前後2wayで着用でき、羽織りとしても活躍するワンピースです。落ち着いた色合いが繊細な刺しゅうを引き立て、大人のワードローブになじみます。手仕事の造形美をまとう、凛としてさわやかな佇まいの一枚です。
* * *
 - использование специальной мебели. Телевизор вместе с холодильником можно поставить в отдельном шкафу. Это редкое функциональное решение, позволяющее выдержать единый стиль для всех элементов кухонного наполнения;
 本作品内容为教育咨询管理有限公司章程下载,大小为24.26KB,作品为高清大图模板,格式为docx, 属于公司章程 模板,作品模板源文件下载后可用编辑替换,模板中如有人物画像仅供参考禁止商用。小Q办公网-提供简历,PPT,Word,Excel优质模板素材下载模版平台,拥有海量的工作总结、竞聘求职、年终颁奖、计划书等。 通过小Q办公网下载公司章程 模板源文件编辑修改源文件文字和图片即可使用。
...
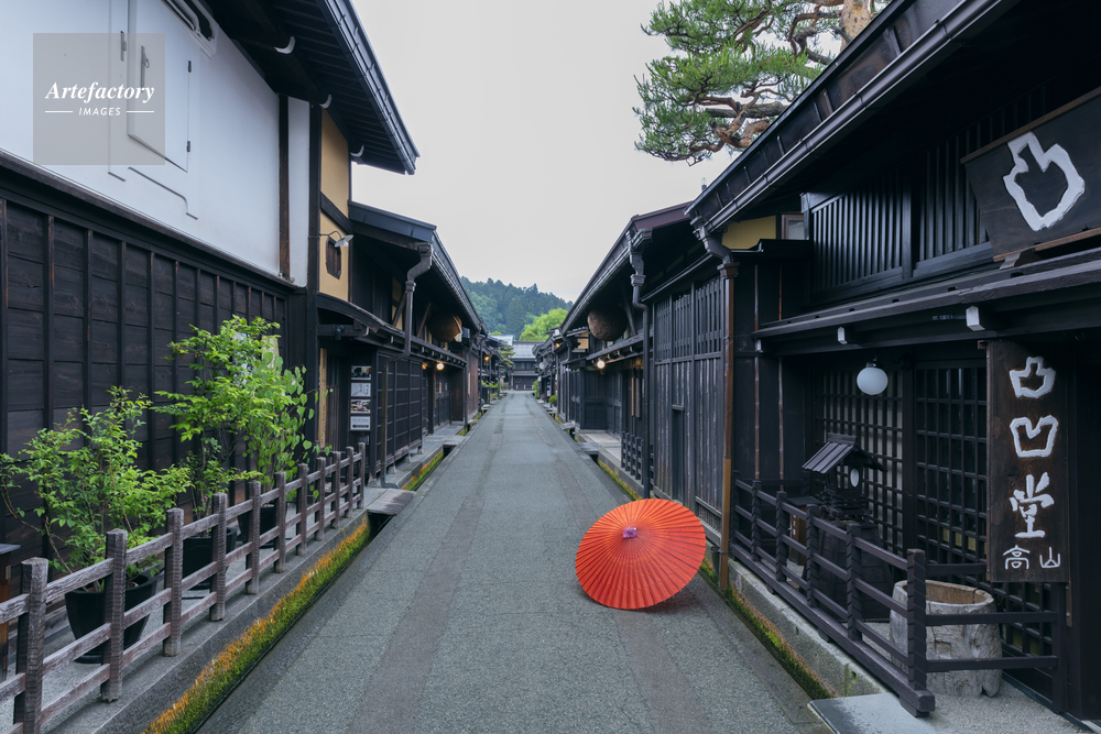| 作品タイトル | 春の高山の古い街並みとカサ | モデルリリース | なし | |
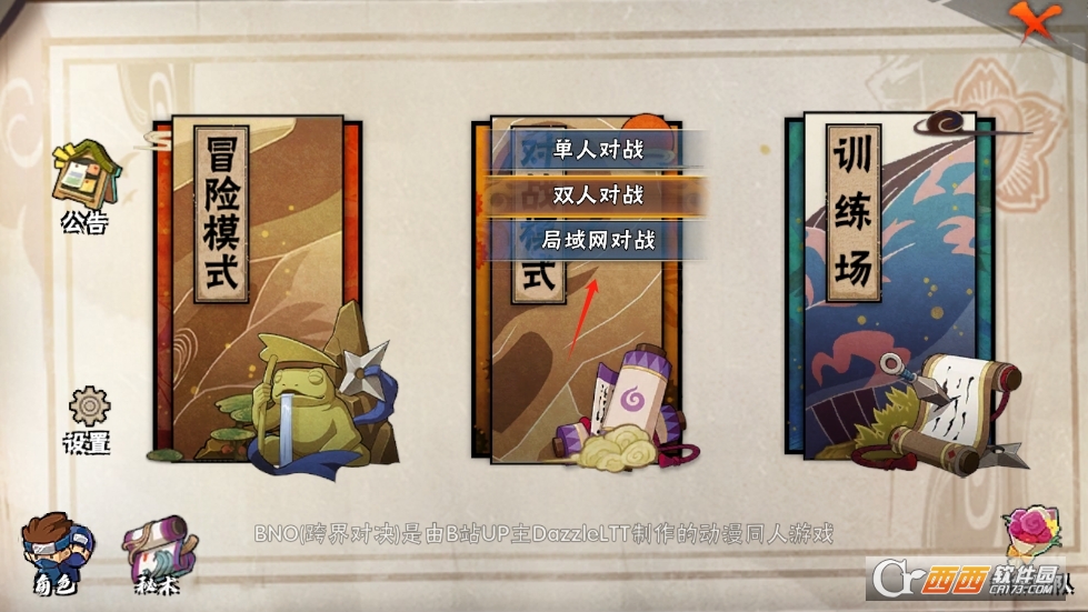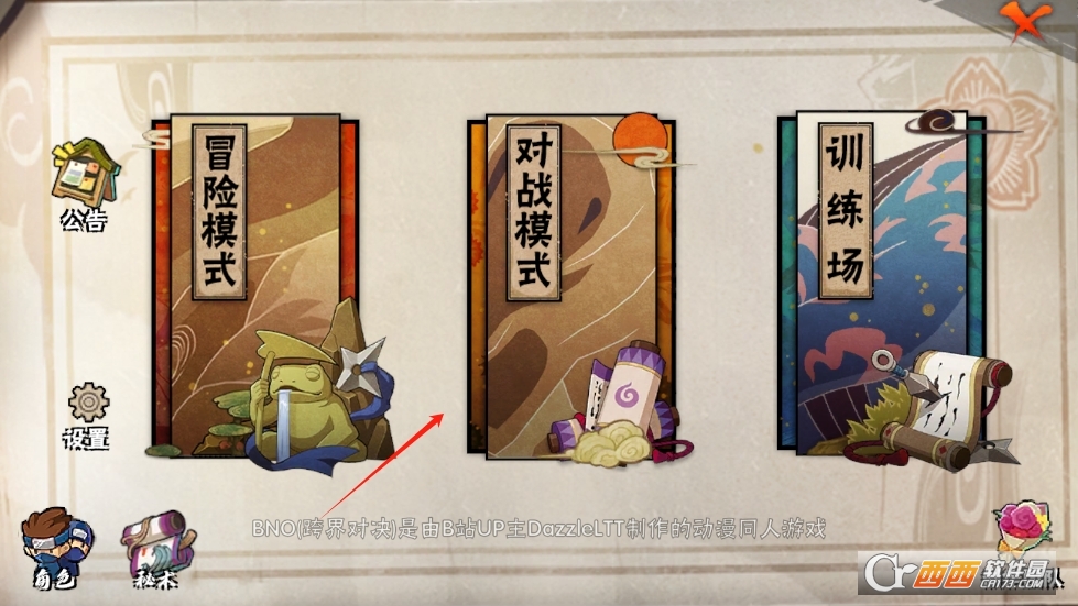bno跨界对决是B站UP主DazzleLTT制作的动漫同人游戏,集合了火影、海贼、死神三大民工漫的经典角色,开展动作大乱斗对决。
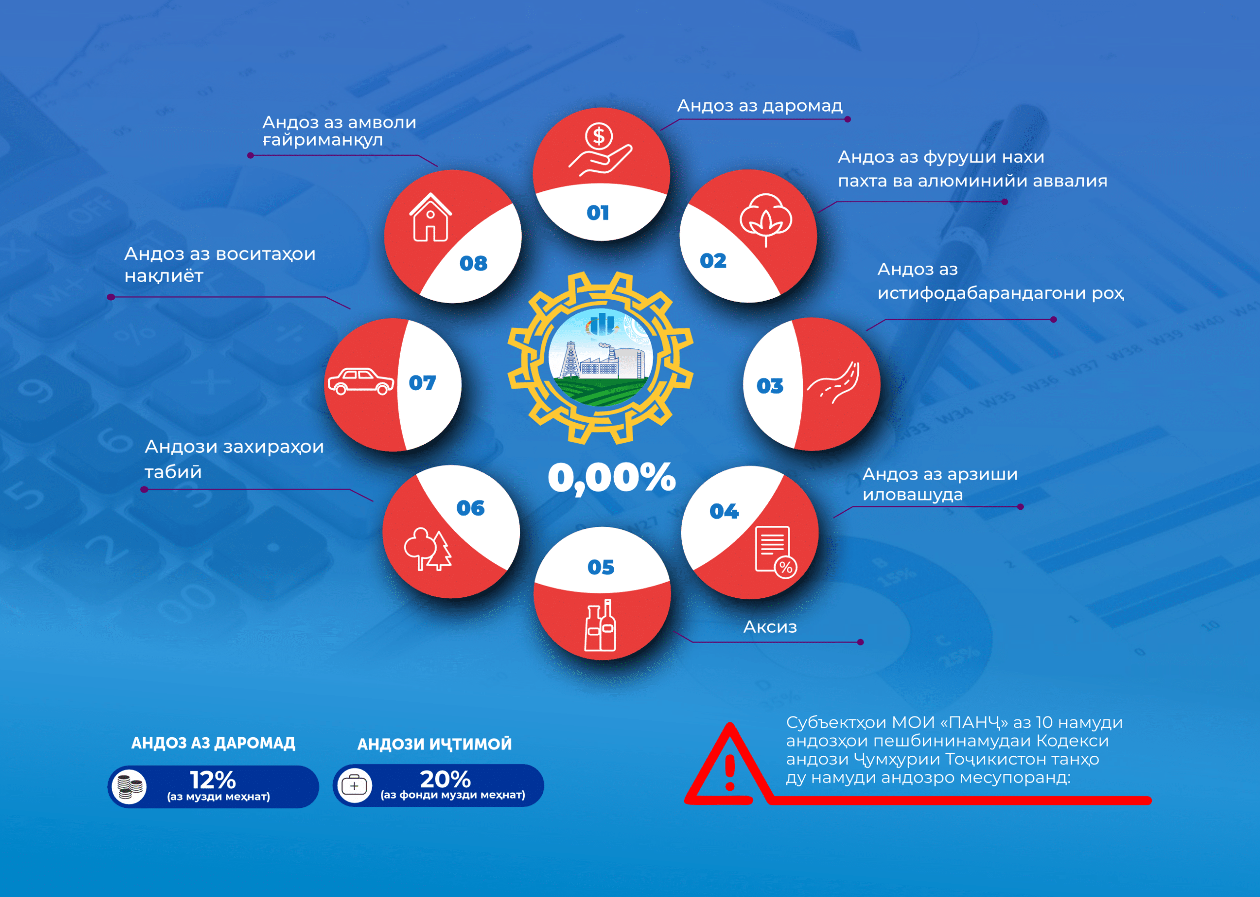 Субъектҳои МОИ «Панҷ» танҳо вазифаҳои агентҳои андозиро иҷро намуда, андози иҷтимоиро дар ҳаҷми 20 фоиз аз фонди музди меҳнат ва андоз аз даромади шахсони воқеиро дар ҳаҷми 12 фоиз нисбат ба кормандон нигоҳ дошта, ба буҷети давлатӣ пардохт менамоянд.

▸ **TASK OBJECTIVE**:
What you return from the records above should be exactly everything from the line with "bno跨界对决是B站UP主D" down to the line with "давлатӣ пардохт менамоянд.", both kept, and no pictures.

▸ **SOLVED EXERCISE**:
bno跨界对决是B站UP主DazzleLTT制作的动漫同人游戏,集合了火影、海贼、死神三大民工漫的经典角色,开展动作大乱斗对决。
 Субъектҳои МОИ «Панҷ» танҳо вазифаҳои агентҳои андозиро иҷро намуда, андози иҷтимоиро дар ҳаҷми 20 фоиз аз фонди музди меҳнат ва андоз аз даромади шахсони воқеиро дар ҳаҷми 12 фоиз нисбат ба кормандон нигоҳ дошта, ба буҷети давлатӣ пардохт менамоянд.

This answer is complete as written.